Eran las seis y mucho de la tarde y el sol empezaba a desaparecer por mi derecha. Saltamos a la arena y, al ver que estábamos prácticamente solos, lo liberé de la correa un rato. De repente, vi cómo salía disparado, haciendo saltar la arena con sus patas traseras mientras se dirigía rápido como una flecha hacia otro perro que había más allá. Corrí tras él, y cuando llegué a su altura, me encontré con el anciano de chaqueta de plumas y boina riendo alegremente mientras miraba a los dos perros jugar.
– ¡Disculpe señor! No pensé que fuera a salir corriendo de esta manera, está un poco excitado esta tarde.
– No te preocupes, tienes un perro encantador. ¿Es macho verdad? Mi Carmencita los trae locos a todos.
– Realmente es guapísima.
Nos reímos los dos. El rumor de las olas y el susurro del viento hicieron el silencio que vino después más agradable. Miré al señor, y entonces vi que sus ojos eran enormes y de un azul más bonito que el del mar y que el del cielo. Un azul casi artificial, que guardaba toda la magia del mundo en su interior. Me quedé unos segundos absorta en el color de sus ojos, hasta que volvió a hablar, sin apartar la mirada de su perrita.
– Sí… sí que es guapa. Es mi mayor tesoro, ¿sabes?

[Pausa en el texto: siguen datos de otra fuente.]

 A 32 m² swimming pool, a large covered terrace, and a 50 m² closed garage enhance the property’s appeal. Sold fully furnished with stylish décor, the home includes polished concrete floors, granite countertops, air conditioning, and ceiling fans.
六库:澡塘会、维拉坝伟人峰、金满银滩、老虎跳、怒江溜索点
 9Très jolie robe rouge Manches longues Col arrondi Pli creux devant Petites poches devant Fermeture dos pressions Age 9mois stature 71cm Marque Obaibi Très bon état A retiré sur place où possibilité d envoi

Lo miré con ternura y le sonreí, sin atreverme a interrumpirle. Los perros seguían jugando entre ellos, oliéndose y revolcándose en la arena.
– Esta perrita me ha salvado la vida. – continuó, mirándome a los ojos. – Cuando Carmen, mi esposa, murió, mis hijos me la trajeron un día a casa. Era la cosa más pequeña y bonita que hubiera visto yo nunca, y a pesar de eso, al principio no me la quería quedar, ¿te lo puedes creer?

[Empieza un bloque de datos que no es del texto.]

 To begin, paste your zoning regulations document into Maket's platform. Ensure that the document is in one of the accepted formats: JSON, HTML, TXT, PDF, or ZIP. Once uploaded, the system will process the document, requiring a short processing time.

El señor se rio en un par de sílabas, incrédulo del que un día fue su propio pensamiento.
– Ahora les estoy tan agradecido… Verás, yo soy diabético. Antes me pasaba el día sentado en el sofá, controlándome el azúcar y viviendo cada día igual que el anterior, sobre todo desde que enviudé. Pero con ella… con ella todo cambió. Carmencita me hace levantar del sofá cada día, al menos un par de veces, para sacarla a pasear. Luego en casa me hace muchísima compañía, y es tan cariñosa… Incluso me encuentro mejor de lo mío desde que la tengo. No sé que haría yo sin ella… es como si fuera una hija mía. La quiero muchísimo.

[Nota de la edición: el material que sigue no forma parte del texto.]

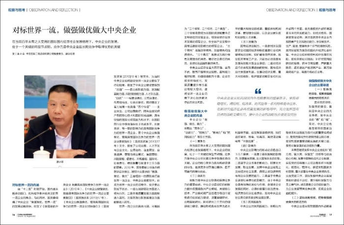 導讀 在當前百年未有之大變局的國際國內經濟社會發展格局下,中央企業的發展,處于一個關鍵的轉型節點期。競爭力是中央企業在長期競爭中取得優勢的關鍵。 ●對標世界一流的內涵 ●做強做優做大中央企業的內涵 ●做強做優做大中央企業的主要舉措 對標世界一流的內涵 自“十二五”時期開始,國內越來越多的部門、機構和學者開始關注世界一流企業的概念。與此同時,國資委明確了中央企業“做強做優,世界一流”的發展戰略目標,印發了《做強做優中央企業 培育具有國際競爭力世界一流企業》(2010年)、《中央企業做強做優、培育具有國際競爭力的世界一流企業要素指引》(國資發改革[2013]17號)、《中央企業做強做優、培育具有國際競爭力的世界一流企業對標指引》(國資發改革[2013]18號)等文件,為當時中央企業如何建設世界一流企業提供了行動指南,提出了中央企業建設要做到“四強”——自主創新能力強、資源配置能力強、風險管控能力強、人才隊伍強,“四優”——經營業績優、公司治理優、布局結構優、社會形象優。同時提出了著力培育一批具備“四個特征”——主業突出,公司治理良好;擁有自主知識產權的核心技術和國際知名品牌;具有較強的國際化經營能力和水平;在國際同行業中綜合指標處于先進水平,形象良好,有一定的影響力的具有國際競爭力的世界一流企業。在《中央企業做強做優、培育具有國際競爭力的世界一流企業要素指引》(國資發改革[2013]17號)文中,提出了公司治理、人才開發與企業文化、業務結構、自主研發、自主品牌、管理與商業模式、集團管控、風險管理、信息化、并購重組、國際化、社會責任、績效衡量與管理十三個方面的要素。2019年,國資委副主任翁杰明在講話中指出,按照中央要求的“做強、做優、做大”三者相統一的原則來打造世界一流企業,中央企業差距較大。在成為世界一流企業的過程中,至少要達到如下狀態,一是在創新驅動方面進入領先行列,二是在高質量發展方面能夠進入前列,三是在踐行新發展理念方面能夠進入前列。 世界一流企業的具體內涵,可概括為“三個領軍、三個領先、三個典型”。三個領軍是要成為在國際資源配置中占主導地位的領軍企業,引領全球行業技術發展的領軍企業,在全球產業發展中具有話語權和影響力的領軍企業。“三個領先”是指效率領先、效益領先和品質領先。“三個典范”是要成為踐行綠色發展理念的典范、履行社會責任的典范、全球知名品牌形象的典范。 中央企業還存在著大而不強、全而不優、散而不強等突出短板。盈利能力相對較弱、價值創造能力不強,企業在投資結構優化、發展質量提升等方面還有較大空間,建成世界一流企業仍需下決心加快解決存在的突出問題。 做強做優做大中央企業的內涵 中央企業“做強、做優、做大”,體現在“競爭力”,“創新力”,“控制力”,“影響力”和“抗風險能力”等五個方面。 (一)競爭力 在當前百年未有之大變局的國際國內經濟社會發展格局下,中央企業的發展,處于一個關鍵的轉型節點期。競爭力是中央企業在長期競爭中取得優勢的關鍵。企業的核心競爭力具有稀缺資源的特性,是其競爭對手難以模仿,且不可替代的獨特優勢。 (二)創新力 創新力是中央企業取得和保持競爭力的重要砝碼。中央企業最迫切的創新力提升應圍繞新興產業領域、關鍵核心技術、產業模式和產品創造力等四個層級進行創新能力建設,注重基礎研究、應用基礎研究、轉化研究三個方向的創新能力建設,推動形成具有世界先進水平的重大科技創新成果;重視體制機制改革、管理理念創新,以及企業家隊伍和創新型人才培育。 (三)控制力 國有經濟控制力,一是在對涉及國家安全和國民經濟命脈的重要行業和關鍵領域的控制,如礦藏等自然資源,航空航天等軍工產業,只能也必須由國有及國有控股大型企業承擔;二是對經濟運行態勢和發展趨勢的控制,國有經濟應代表國家利益。在推動經濟發展、重大科技創新,維護國家戰略安全和長遠利益等方面,應發揮頂梁柱作用,如打造好高鐵、核電、特高壓、高效清潔煤電等“中國名牌”。 (四)影響力 中央企業影響力的形成必須包含以下幾個要素:一是基于股權控制的影響力,即要融合發展,放大國有資本的功能。二是基于企業本身的影響力,即要壯大發展、聯合發展,發揮中央企業宏觀上支持經濟社會發展、微觀上帶動多種所有制企業發展的能力。三是基于中央企業承擔社會責任的影響力,由于中央企業具有獨特的地位與作用,在謀求企業發展的同時,必須積極履行政治責任、經濟責任以及社會責任,推動中央企業社會責任體系建設和全面發展。 (五)抗風險能力 中央企業的抗風險能力,體現在內外部兩個方面。首先是抵抗外部環境因素帶來的風險的能力,如經濟危機、國家政策變動等;其次是防范中央企業內部因素產生的風險的能力,涉及到技術、生產、管理、營銷等多個環節的潛在風險。面對目前較為復雜的國內外經濟社會環境,中央企業應積極預判和評估潛在風險,提前采取應對措施;補好經營風險防控的短板,抓牢日常監管,嚴防重大隱患;逐漸退出產能過剩產業、高污染高耗能產業、高度市場化行業等。 做強做優做大中央企業的主要舉措 (一)堅持黨的領導,凝聚做強做優做大的

La dulzura con la que me dijo todo esto y la profundidad y bondad de sus ojos azules me caló hondo. Nos despedimos tras desearnos lo mejor, y vi como se agachaba con dificultad y besaba a su Carmencita en la frente mientras le sujetaba la cabeza con ternura. Carmencita le daba lametones por toda la cara, tirándole incluso la boina a la arena. El señor reía mucho, sin parar. Todavía recuerdo su risa de hombre bueno. Yo volví a atar a Roku, que no dejaba de mirar cómo se alejaba Carmencita por la orilla, con la lengua casi rozando el suelo, y regresamos juntos y callados.
Y ya lo veis, han pasado tres años y aun hoy los recuerdo perfectamente. Ojalá volviera a encontrarme con este señor y su perrita algún día. Ojalá vivan ambos para siempre, y que nunca tengan que añorar su risa y sus lametones. Ojalá existieran muchas más de estas personas de mirada tan pura y amor tan sincero. Ojalá nos riamos siempre de cuando casi cometemos un error, sin tener que lamentarnos nunca de haberlo hecho. Ojalá todas las historias con las que nos tropecemos durante los paseos sean así de bonitas. Y que en todos los paseos mi propio tesoro camine a mi lado.